Only the lines from the one holding "#pwスーパーアンバサダー2024 春で頂きました#ローズ #バラ" to the end of the data should be echoed, exactly as they appear, minus the pictures.

#### Source material
=== Begin Enclosure ===

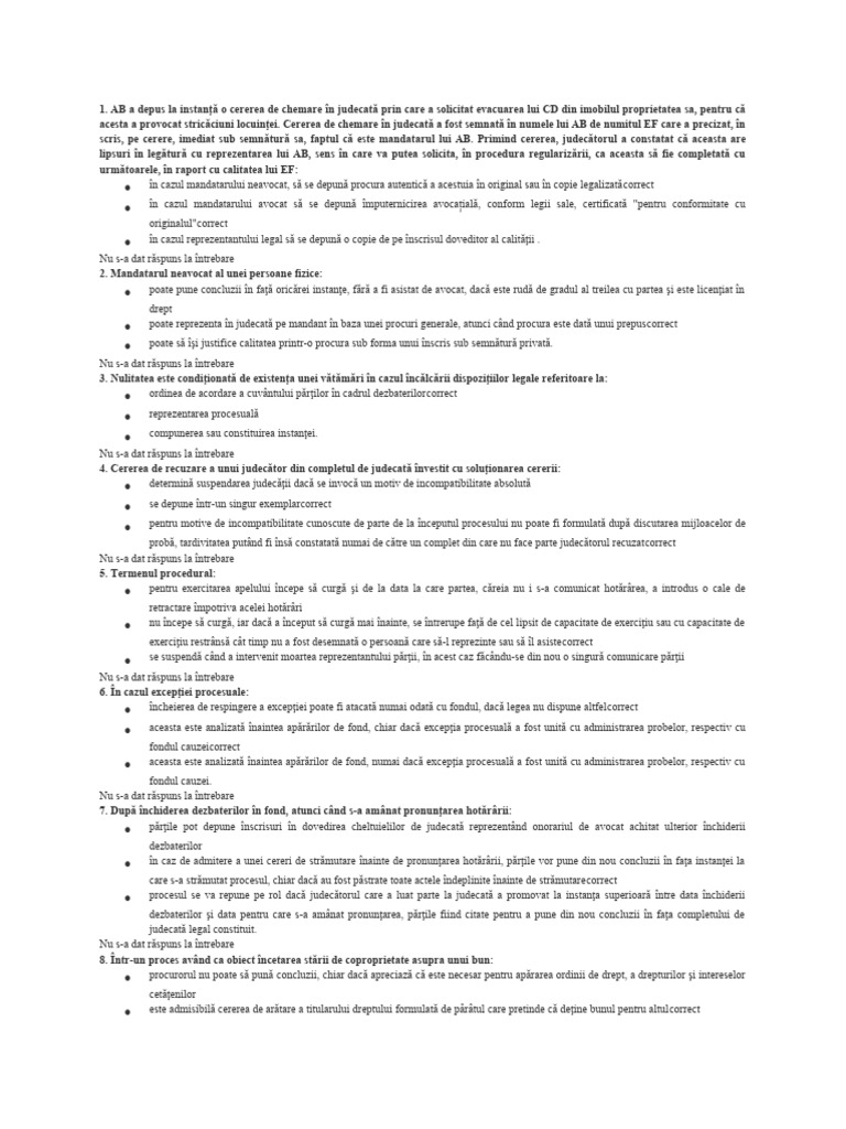 acesta a provocat stricăciuni locuinţei. Cererea de chemare în judecată a fost semnată în numele lui AB de numitul EF care a precizat, în
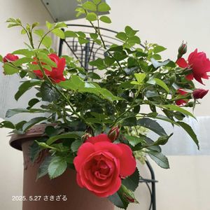 🌼ローズ🥀便り☔️ 【#フラワーカーペットローズスカーレット 】 🗓️定植2024-3/24 → 2025-5/27 (61w2d) 🧭南西 8号1株 ☀️4時間 🚿朝1回 🧴液肥週1 2024春に2苗頂いて1年2ヶ月くらいになりますがこちら1号(勝手に呼んでます) 支柱は建てずになるべく低い位置で咲いてもらってます🐵 2025春に🥀ミニチェリーを頂いたのですがスカーレットの方がお花は大きいです🧐ミニとついとらへんもんで当たり前か😆あはは 小庭は自然派を目指しているのでお薬はほぼ使っていません🐵虫にも食されるしハプニングもあるけれど当たり前だから良し👍とします🐒🎶 ちなみにこのローズさんも葉はどなたかに食されています🧐 『ここだけはアピっとこう』 お薬をしてないから食されたりするけれどお花は大切に育てています #pwスーパーアンバサダー2024 春で頂きました#ローズ #バラ
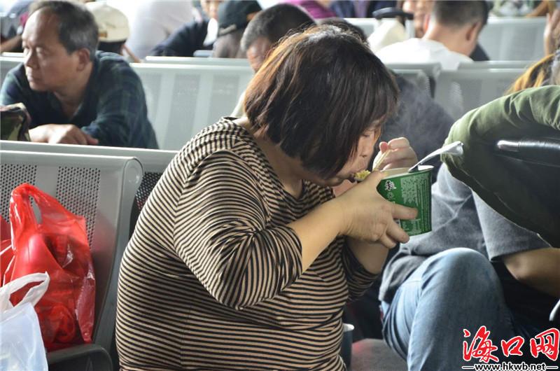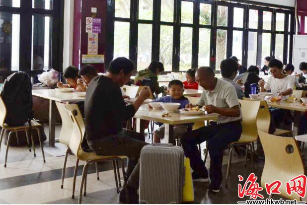 【吃饱了再回家!】10日中午,在海口火车站的站内餐厅内,旅客们正在享用自己的午餐。来自甘肃的拦先生带着孙子正大快朵颐,“我是带着孙子过来旅游的,现在要过年了,该回家了。”(记者卢海浪)
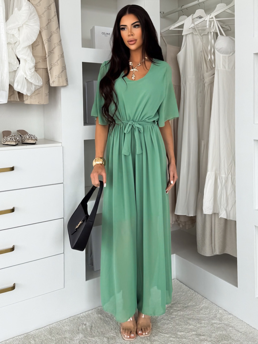 Mintový elegantní dlouhý overal LEIRIA

=== End Enclosure ===

#### Problem solution
 🌼ローズ🥀便り☔️ 【#フラワーカーペットローズスカーレット 】 🗓️定植2024-3/24 → 2025-5/27 (61w2d) 🧭南西 8号1株 ☀️4時間 🚿朝1回 🧴液肥週1 2024春に2苗頂いて1年2ヶ月くらいになりますがこちら1号(勝手に呼んでます) 支柱は建てずになるべく低い位置で咲いてもらってます🐵 2025春に🥀ミニチェリーを頂いたのですがスカーレットの方がお花は大きいです🧐ミニとついとらへんもんで当たり前か😆あはは 小庭は自然派を目指しているのでお薬はほぼ使っていません🐵虫にも食されるしハプニングもあるけれど当たり前だから良し👍とします🐒🎶 ちなみにこのローズさんも葉はどなたかに食されています🧐 『ここだけはアピっとこう』 お薬をしてないから食されたりするけれどお花は大切に育てています #pwスーパーアンバサダー2024 春で頂きました#ローズ #バラ
 【吃饱了再回家!】10日中午,在海口火车站的站内餐厅内,旅客们正在享用自己的午餐。来自甘肃的拦先生带着孙子正大快朵颐,“我是带着孙子过来旅游的,现在要过年了,该回家了。”(记者卢海浪)
 Mintový elegantní dlouhý overal LEIRIA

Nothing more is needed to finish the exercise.